■ GOAL OF THE EXERCISE:
Without including any images, output the listing below exactly.

■ SOURCE MATERIAL:
⁂
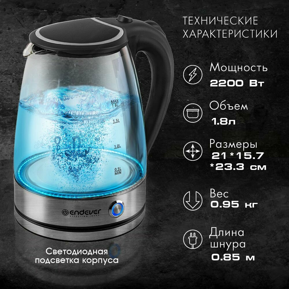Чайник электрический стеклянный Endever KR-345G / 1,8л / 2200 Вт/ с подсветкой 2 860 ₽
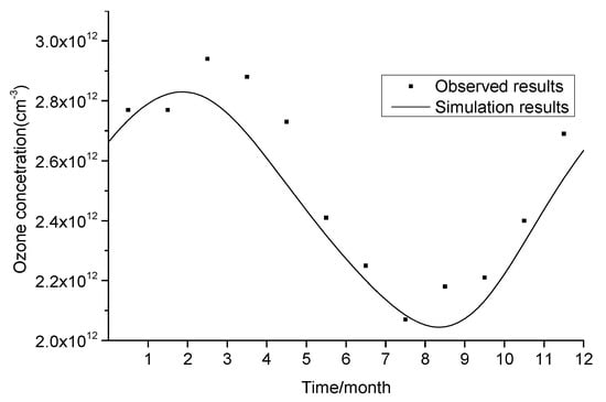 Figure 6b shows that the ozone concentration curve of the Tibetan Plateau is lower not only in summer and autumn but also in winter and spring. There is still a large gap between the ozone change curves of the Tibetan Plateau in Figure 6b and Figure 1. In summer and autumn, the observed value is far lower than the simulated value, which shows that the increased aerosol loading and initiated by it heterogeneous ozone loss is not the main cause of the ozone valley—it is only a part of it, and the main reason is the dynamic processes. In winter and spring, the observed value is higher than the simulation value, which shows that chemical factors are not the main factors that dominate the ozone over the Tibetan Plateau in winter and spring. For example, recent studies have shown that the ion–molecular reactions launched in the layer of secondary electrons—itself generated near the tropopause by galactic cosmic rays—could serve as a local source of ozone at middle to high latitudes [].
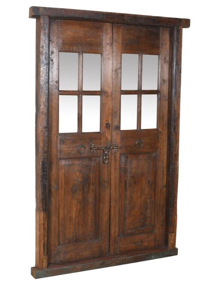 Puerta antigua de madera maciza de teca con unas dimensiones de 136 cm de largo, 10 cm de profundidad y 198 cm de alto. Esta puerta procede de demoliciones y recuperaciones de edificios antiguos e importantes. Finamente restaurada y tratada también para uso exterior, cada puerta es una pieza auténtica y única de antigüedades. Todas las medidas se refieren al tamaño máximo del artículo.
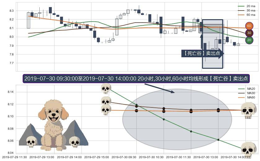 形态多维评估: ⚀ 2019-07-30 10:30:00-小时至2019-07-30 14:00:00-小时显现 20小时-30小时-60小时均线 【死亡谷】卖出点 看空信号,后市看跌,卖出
⁂
■ EXERCISE ANSWER:
Чайник электрический стеклянный Endever KR-345G / 1,8л / 2200 Вт/ с подсветкой 2 860 ₽
 Figure 6b shows that the ozone concentration curve of the Tibetan Plateau is lower not only in summer and autumn but also in winter and spring. There is still a large gap between the ozone change curves of the Tibetan Plateau in Figure 6b and Figure 1. In summer and autumn, the observed value is far lower than the simulated value, which shows that the increased aerosol loading and initiated by it heterogeneous ozone loss is not the main cause of the ozone valley—it is only a part of it, and the main reason is the dynamic processes. In winter and spring, the observed value is higher than the simulation value, which shows that chemical factors are not the main factors that dominate the ozone over the Tibetan Plateau in winter and spring. For example, recent studies have shown that the ion–molecular reactions launched in the layer of secondary electrons—itself generated near the tropopause by galactic cosmic rays—could serve as a local source of ozone at middle to high latitudes [].
 Puerta antigua de madera maciza de teca con unas dimensiones de 136 cm de largo, 10 cm de profundidad y 198 cm de alto. Esta puerta procede de demoliciones y recuperaciones de edificios antiguos e importantes. Finamente restaurada y tratada también para uso exterior, cada puerta es una pieza auténtica y única de antigüedades. Todas las medidas se refieren al tamaño máximo del artículo.
 形态多维评估: ⚀ 2019-07-30 10:30:00-小时至2019-07-30 14:00:00-小时显现 20小时-30小时-60小时均线 【死亡谷】卖出点 看空信号,后市看跌,卖出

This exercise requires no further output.